Lets say the primary server is: zmail.mydomain.tld - add an additional DNS entry for this server zmail2.mydomain.tld
Install a local DNS server on your cold standby server - I used dnsmasq.
We need this DNS server so the cold standby server can use the FQDN of your primary server while having a different IP. To do this I added this line in /etc/dnsmasq.conf:
Code:
address=/zmail.mydomain.tld/192.168.1.100
and changed /etc/hosts to:
Code:
127.0.0.1       localhost.localdomain localhost
192.168.1.100  zmail.mydomain.tld zmail
Now the cold standby server can use "zmail.mydomain.tld" to run a local zimbra configured for you primary server and still access the primary server using zmail2.mydomain.tld.

Step three:
Configure password less ssh using ssh keys - we need this to use rsync in a cron job.

Step four:
To be sure nothing is going wrong while syncing the backups I moved /opt/zimbra/backup to /zmailbackup.

Step five:
Create some scripts to control the sync / restore and if your server is "cold standby" or "active"

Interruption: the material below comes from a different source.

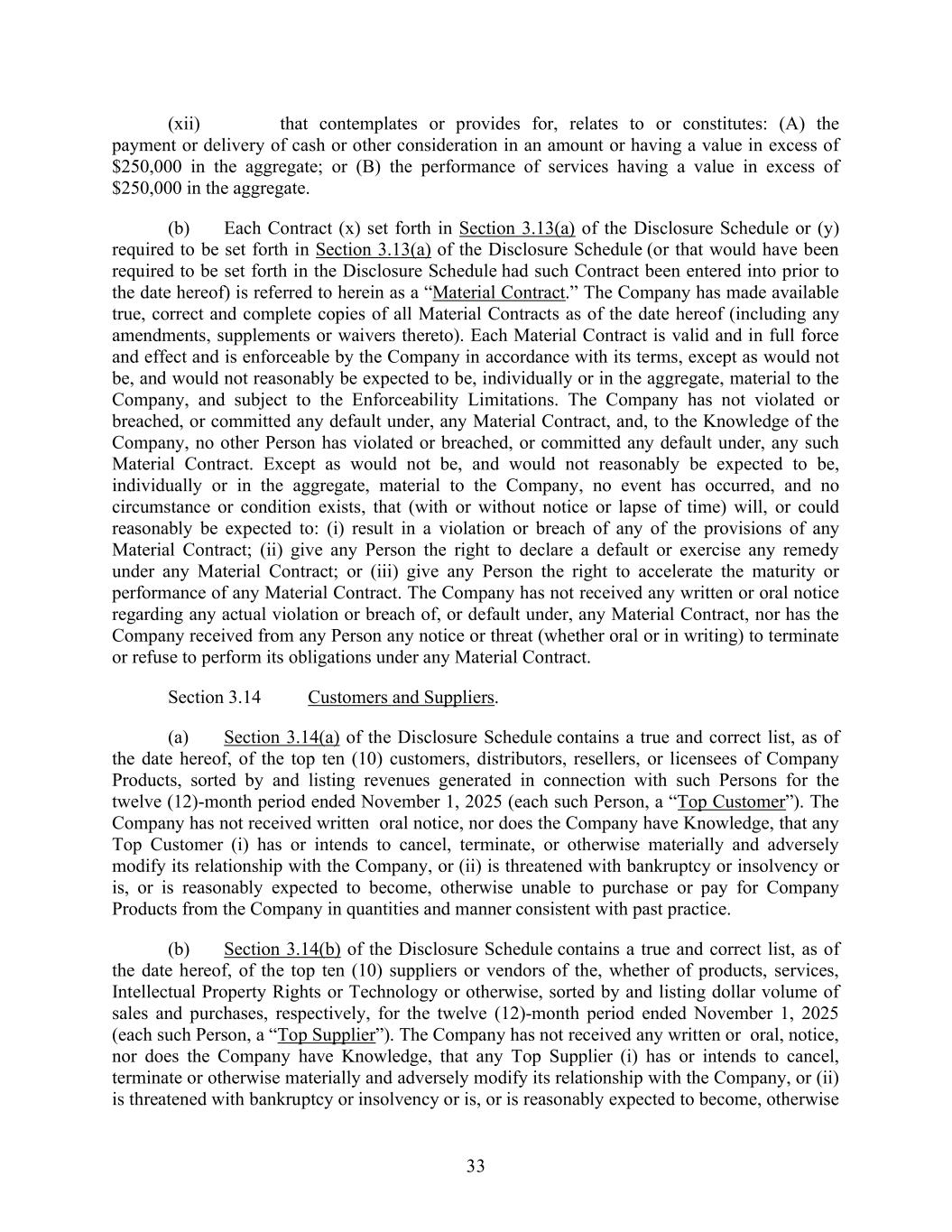 33 (xii) that contemplates or provides for, relates to or constitutes: (A) the payment or delivery of cash or other consideration in an amount or having a value in excess of $250,000 in the aggregate; or (B) the performance of services having a value in excess of $250,000 in the aggregate. (b) Each Contract (x) set forth in Section 3.13(a) of the Disclosure Schedule or (y) required to be set forth in Section 3.13(a) of the Disclosure Schedule (or that would have been required to be set forth in the Disclosure Schedule had such Contract been entered into prior to the date hereof) is referred to herein as a “Material Contract.” The Company has made available true, correct and complete copies of all Material Contracts as of the date hereof (including any amendments, supplements or waivers thereto). Each Material Contract is valid and in full force and effect and is enforceable by the Company in accordance with its terms, except as would not be, and would not reasonably be expected to be, individually or in the aggregate, material to the Company, and subject to the Enforceability Limitations. The Company has not violated or breached, or committed any default under, any Material Contract, and, to the Knowledge of the Company, no other Person has violated or breached, or committed any default under, any such Material Contract. Except as would not be, and would not reasonably be expected to be, individually or in the aggregate, material to the Company, no event has occurred, and no circumstance or condition exists, that (with or without notice or lapse of time) will, or could reasonably be expected to: (i) result in a violation or breach of any of the provisions of any Material Contract; (ii) give any Person the right to declare a default or exercise any remedy under any Material Contract; or (iii) give any Person the right to accelerate the maturity or performance of any Material Contract. The Company has not received any written or oral notice regarding any actual violation or breach of, or default under, any Material Contract, nor has the Company received from any Person any notice or threat (whether oral or in writing) to terminate or refuse to perform its obligations under any Material Contract. Section 3.14 Customers and Suppliers. (a) Section 3.14(a) of the Disclosure Schedule contains a true and correct list, as of the date hereof, of the top ten (10) customers, distributors, resellers, or licensees of Company Products, sorted by and listing revenues generated in connection with such Persons for the twelve (12)-month period ended November 1, 2025 (each such Person, a “Top Customer”). The Company has not received written oral notice, nor does the Company have Knowledge, that any Top Customer (i) has or intends to cancel, terminate, or otherwise materially and adversely modify its relationship with the Company, or (ii) is threatened with bankruptcy or insolvency or is, or is reasonably expected to become, otherwise unable to purchase or pay for Company Products from the Company in quantities and manner consistent with past practice. (b) Section 3.14(b) of the Disclosure Schedule contains a true and correct list, as of the date hereof, of the top ten (10) suppliers or vendors of the, whether of products, services, Intellectual Property Rights or Technology or otherwise, sorted by and listing dollar volume of sales and purchases, respectively, for the twelve (12)-month period ended November 1, 2025 (each such Person, a “Top Supplier”). The Company has not received any written or oral, notice, nor does the Company have Knowledge, that any Top Supplier (i) has or intends to cancel, terminate or otherwise materially and adversely modify its relationship with the Company, or (ii) is threatened with bankruptcy or insolvency or is, or is reasonably expected to become, otherwise

/root/coldstandby is just a file. I use it to check if the server is in "cold standby" modus or live.

/root/change.zimbra.status.sh is used to change the function from "cold standby" to "live". If the server is live you don't want to sync with your primary server anymore.....

Code:
#!/bin/bash
case $1 in
"status")
   if [ -f /root/coldstandby ]; then
   echo "server is in cold standby modus"
   else
   echo "server is LIVE"
   fi
   ;;
"cold")
   echo "switching into cold modus"
   echo "... remove start scripts"
   update-rc.d -f zimbra remove
   echo "... activate sync, backup, restore"
   echo "if this file is missing server is live" > /root/coldstandby
   echo "... stop zimbra"
   /etc/init.d/zimbra stop
   echo "... done"
   ;;
"hot")
   echo "switching into live modus"
   echo "... install start scripts"
   update-rc.d zimbra defaultis 99
   echo "... deactivate sync, backup, restore"
   rm /root/coldstandby
   echo "... check if a restore is running"
   RESTORE=`ps fax | grep -i java | grep -i restore | wc -l`
   if [ $RESTORE -gt 0 ]; then
     while [ $RESTORE -gt 0 ]; do
       echo "!!! FOUND ACTIVE RESTORE PROCESS PLEASE WAIT UNTIL FINISHED !!!"
       echo "... waiting for 5 min, and check again"
       sleep 3000
       RESTORE=`ps fax | grep -i java | grep -i restore | wc -l`
     done
   fi
   echo "... no restore runnin anymore ... going live now"
   /etc/init.d/zimbra stop
   /etc/init.d/zimbra start
   ;;
*)
   echo "help..."
   echo "switch to live modus: ./change.zimbra.status hot"
   echo "switch to cold modus: ./change.zimbra.status cold" 
   echo "query status: ./change.zimbra.status status"
   ;;
esac
/root/sync.live.server.sh syncs the backup folder with the primary server and starts the restore.
Code:
#!/bin/bash
if [ -f /root/coldstandby ];
then
  echo "`date`: start syncing backups" >> /var/log/zimbra.cold.log
  rsync -a root@zmail2.mydomain.tld:/opt/zimbra/backup/* /zmailbackup/
  echo "`date`: start restoring backups" >> /var/log/zimbra.cold.log
  su - zimbra /opt/zimbra/cold.restore.sh
  echo "`date`: restore finished"
else
  echo "`date`: no sync/restore done server considered to be LIVE" >> /var/log/zimbra.cold.log
fi
/opt/zimbra/cold.restore.sh restores the backup
Code:
#!/bin/bash
zmcontrol stop
LABEL=`zmrestoreldap -lbs -t /zmailbackup | sed -n 1p`
zmrestoreldap -lb $LABEL -t /zmailbackup
zmmailboxctl start
zmrestore -a "all" --ignoreRedoErrors -t /zmailbackup
zmcontrol stop
I had trouble with RedoErrors and the only way I could get it to work was using the "--ignoreRedoErrors" option. I also tried to use zmrestoreoffline - but this did not work at all for me. The "zmcontrol stop" at the beginning and the end are just for safety.

The only thing that is left is a cron job. I have this line in my /etc/crontab:
Code:
55 */2  * * *   root   /root/sync.live.server.sh
For me this is 30min after the server did it's backup - which works fine for me.

I know that the "cold standby" server is never 100% up2date but this is ok for me.

Cheers
Andre